Praet: Ich bin mir sicher, dass die meisten Österreicher verstehen, dass unsere Geldpolitik die angemessene und notwendige Reaktion auf die schwache wirtschaftliche Lage und die außergewöhnlich niedrigen Inflationsraten ist, die weit unter dem geldpolitischen Ziel von knapp unter zwei Prozent liegen. Die niedrigen Zinsen waren für viele Sparer ein ernstes Thema. Für den Sparer sind aber nicht die nominalen Zinsen entscheidend, die wir unmittelbar beeinflussen. Für den Sparer zählen vielmehr die realen Zinsen - die Zinsen nach Abzug der Inflation. In der Vergangenheit gab es sehr lange Perioden, in denen die realen Zinsen deutlich niedriger waren als heute, einfach weil die Inflation derart hoch war.

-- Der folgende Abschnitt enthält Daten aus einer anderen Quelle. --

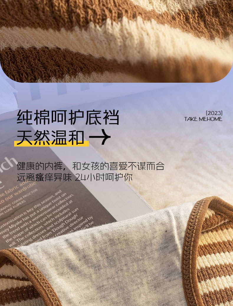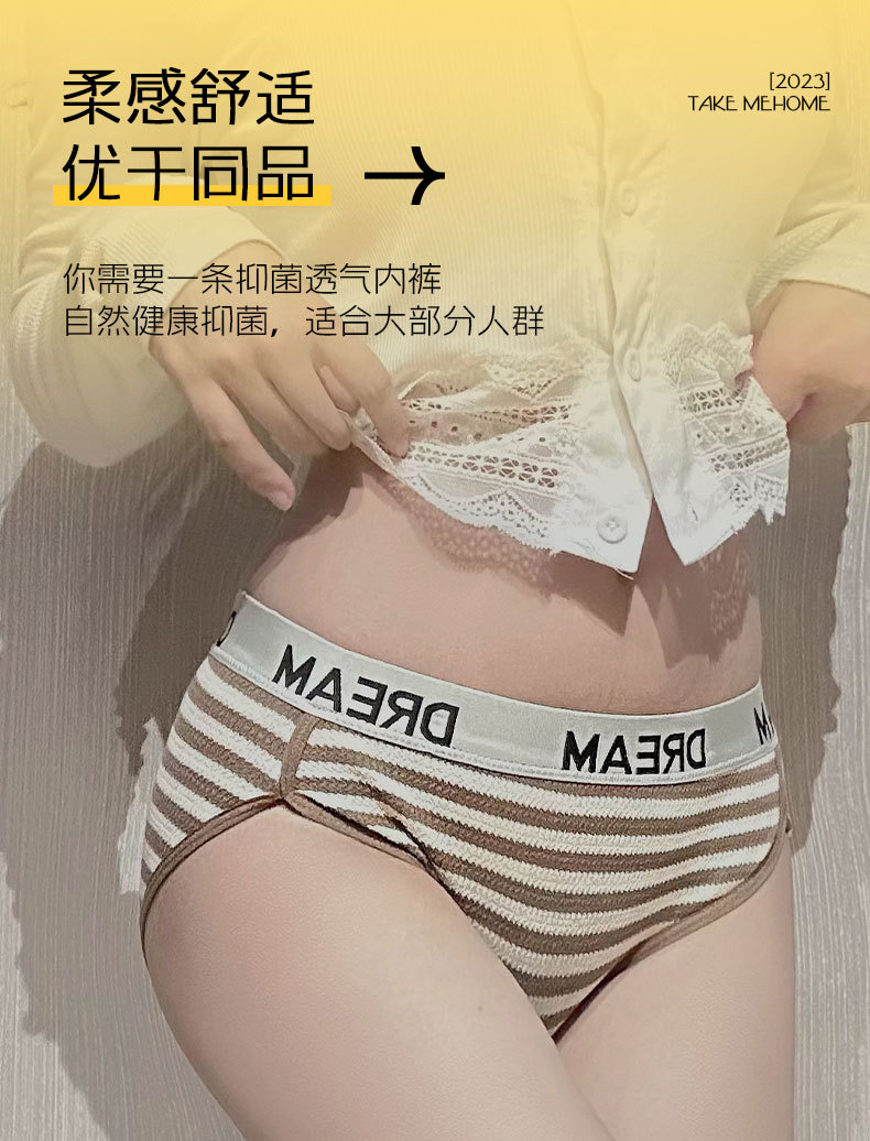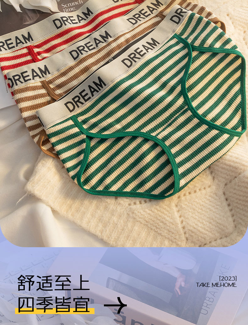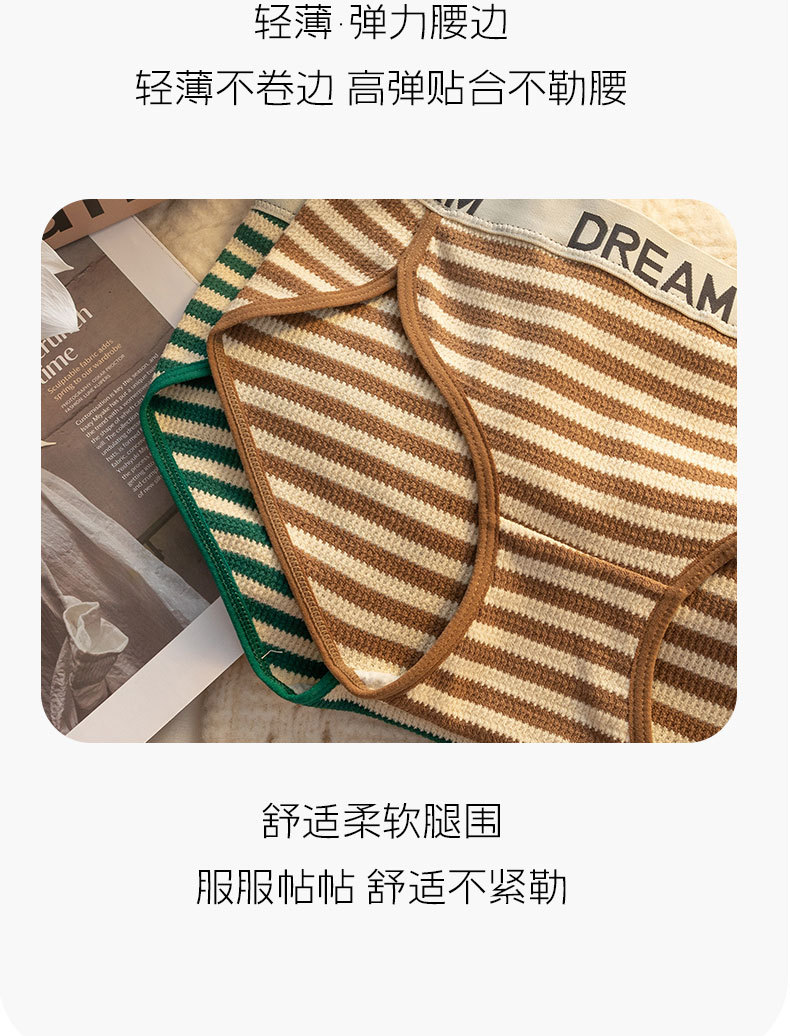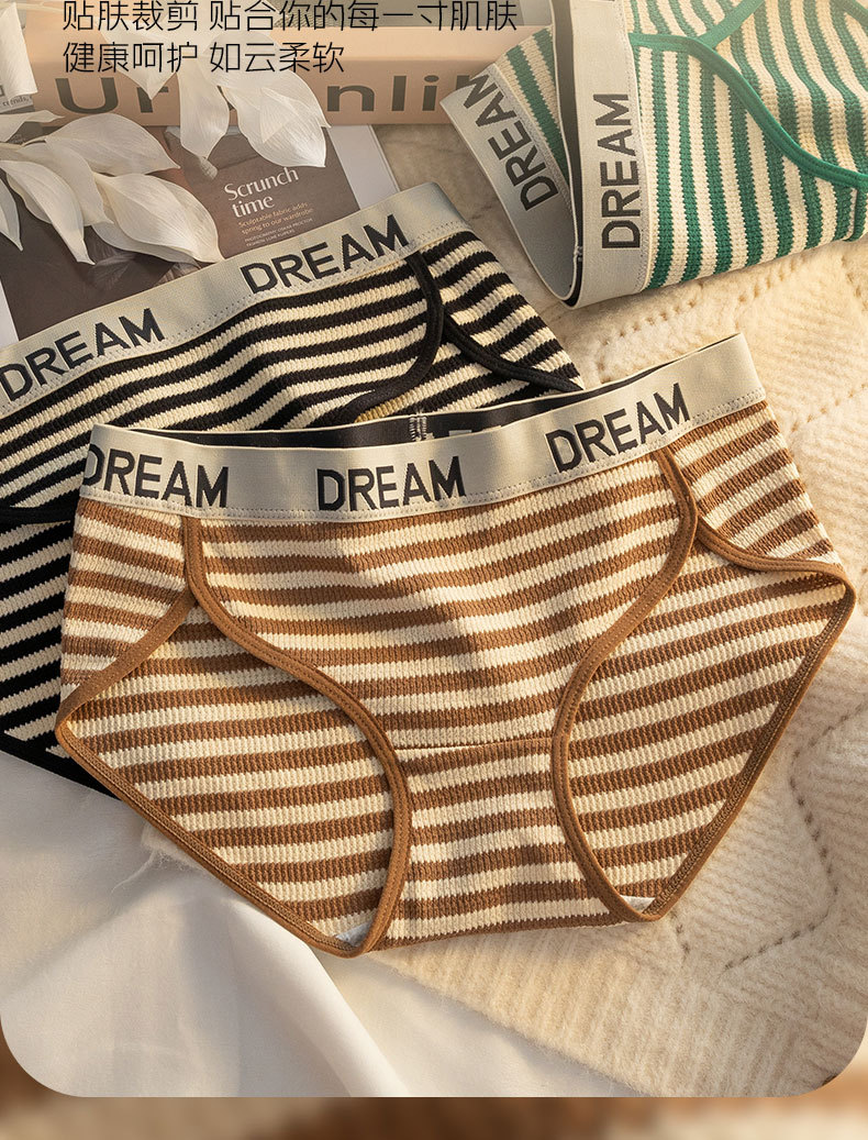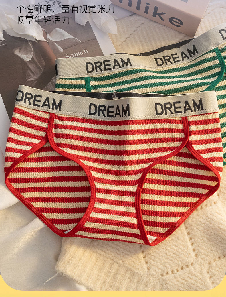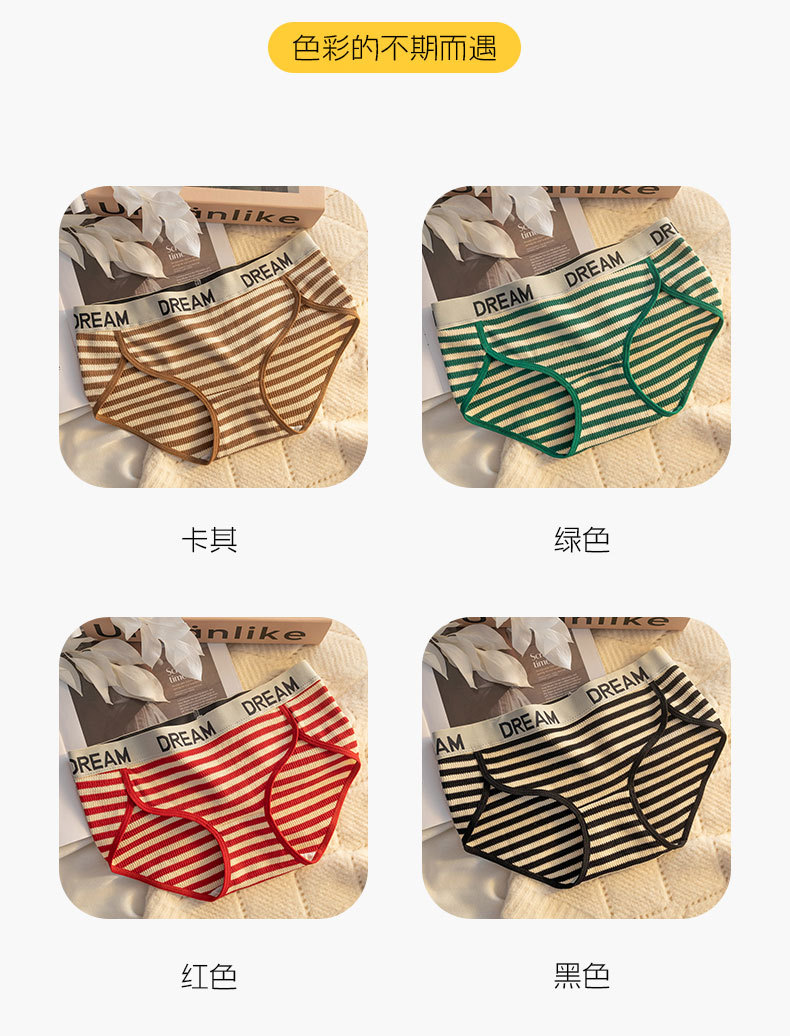 • American Style Striped Underwear Cotton Soft Skin-friendly Color Contrast Wind Comfortable Antibacterial Breathable Crotch Mid-waist Hip Sports Women's Underwear

STANDARD: Das hilft Sparern heute wenig.

Praet: Auf mittlere und längere Sicht hilft unsere Geldpolitik den Sparern sehr wohl. Wir tragen unseren Teil dazu bei, dass die Wirtschaft sich erholt. Das wird die Inflationsrate zurück auf das angestrebte Niveau bringen und in der Folge auch das Zinsniveau normalisieren. Die niedrigen Zinsen sind also für einige eine kurzfristige Belastung, aber für alle langfristig ein Gewinn. Jeder in Europa hat ein Interesse daran, dass wir aus der aktuellen Situation, die von niedriger Inflation und geringem Wachstum gekennzeichnet ist, herauskommen. Das wird gelingen. Aber die Krise war derart stark, dass dieser Prozess einige Jahre dauert.

STANDARD: Es gibt Ökonomen, die davon sprechen, dass es höhere Zinsen auf Jahre hinaus nicht geben wird.

Praet: Es gibt immer Kassandras, die alles schlechtreden, aber ...

STANDARD: Kassandra hatte recht mit ihren Warnungen.

Praet: Prophezeiungen, die Menschen verängstigen und deshalb zu sich selbst erfüllenden Prophezeiungen werden, können gefährlich sein.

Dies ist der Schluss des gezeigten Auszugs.